Defining homology in terms of alignment scores requires the specification of scoring parameters (e.g., penalty, gapopen, gapextend, and reward values).

To remain consistent with BLAST scoring parameter specification, hashFrag expects a negative value for penalty but a positive value for gapopen and gapextend arguments (gap penalties will be subtracted from the alignment score during calculation). A positive value is expected for reward.

Changing these parameters can drastically impact the identification process of homology. Please see permissible scoring parameter combinations for the BLASTn algorithm here (Table D1).

hashFrag syntax

By default, hashFrag generates reverse complement sequences when creating the BLAST database. This ensures that query sequences are assessed for homology for both sequence orientations. If the input FASTA files already contain both forward and reverse sequence orientations, include the --skip-revcomp argument to skip this step.
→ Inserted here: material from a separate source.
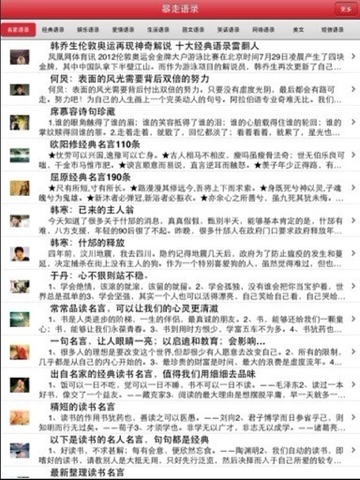 ★类别选择多样:名家语录、经典语录、娱乐语录、爱情语录、图文语录、笑话语录、网络语录、短信语录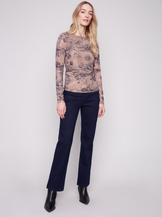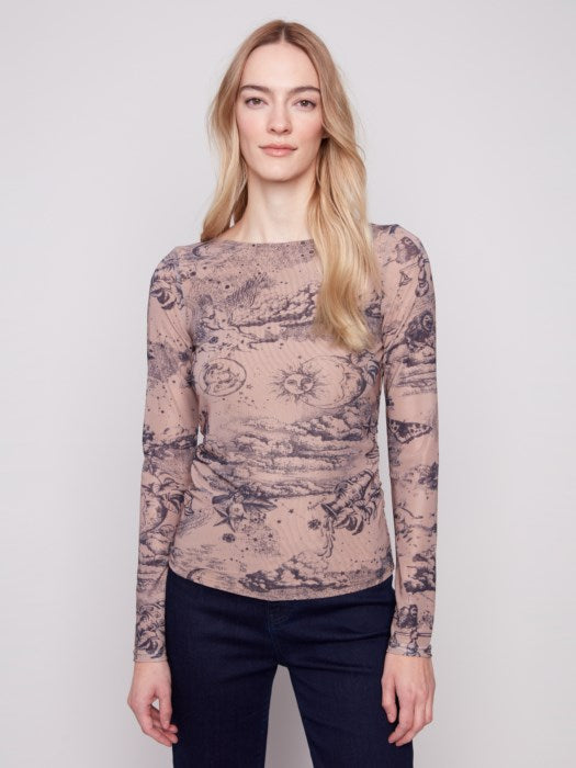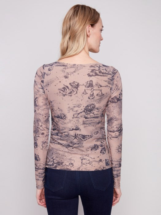 Autumn Watercolour Print Long Sleeve Split Neck Shirt

Currently, hashFrag expects reverse complementary sequences to be denoted with a _Reversed suffix in the sequence header.

If both sequence orentations already exist in the input FASTA file(s), make sure one of the orientations is denoted with the _Reversed suffix. For example, if a sequence has a header such as seq_A, ensure that its reverse complement has the header seq_A_Reversed.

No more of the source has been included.